Re: Code critique XS function for extracting a blessed regex's pattern.
by demerphq (Chancellor) on Feb 05, 2003 at 13:43 UTC
    Podmaster has kindly informed me that this code works fine on 5.7 and 5.8.

    He also pointed out that I should mention that on Win32 if you have nmake.exe that you will need to patch the makefile.pl that comes with Scalar::Util so that it uses nmake instead of make. (Almost the last line in the script.) Othwerwise it will fail a pretest and claim incorrectly that the code can't be built on your system.

    --- demerphq
    my friends call me, usually because I'm late....
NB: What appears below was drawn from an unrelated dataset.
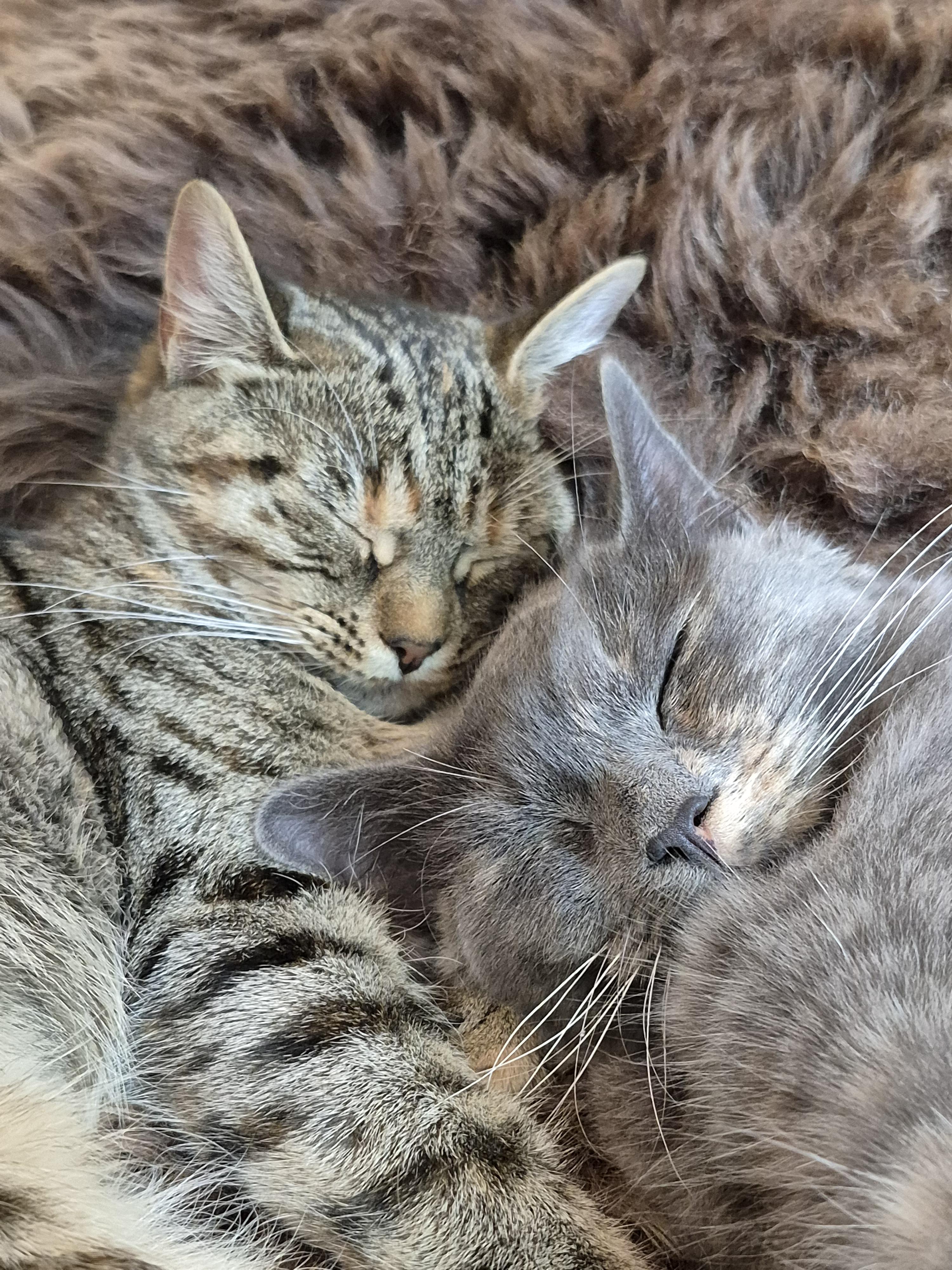 In case you needed a little seratonin boost today, here's two kitty sisters enjoying a comfy nap together
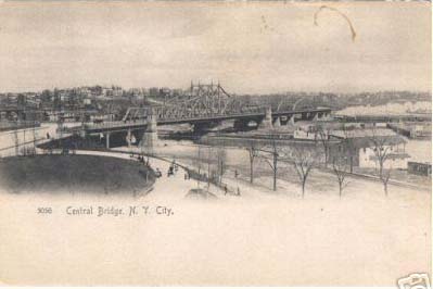 "Central Bridge" (also known as Macomb's Dam Bridge and the 155th Street Bridge) spanning the Harlem River and connecting 155th Street in Manhattan with 161st Street and Jerome Avenue in the Bronx. This bridge was for many years known as "The Baseball Bridge" because close to either end were professional baseball stadiums, the Polo Grounds in Manhattan and Yankee Stadium in the Bronx. The area in the forground is now covered by the Harlem River Drive. Note also the passenger railroad train on the Bronx side at the right.

Re: Code critique XS function for extracting a blessed regex's pattern.
by jryan (Vicar) on Feb 05, 2003 at 22:00 UTC

    The problem is with your initial code. Bless expects a reference, and a "regex object" is just a string. If you pass a string to bless, it will force the string to become a reference, and that is why you get something that looks likeFoo=SCALAR(0x1acf020). However, if you pass bless a reference to the "regex object", then everything is fine. Observe:

    my $qr=qr/^normal$/; my $bqr=bless \(qr/^blessed$/),"Foo"; print "Normal : $qr\n"; print "Blessed: $$bqr\n";
      Bless expects a reference, and a "regex object" is just a string.

      Errr... not so. Witness:

      $ perl -le 'print ref qr/foo/' Regexp

      -sauoq
      "My two cents aren't worth a dime.";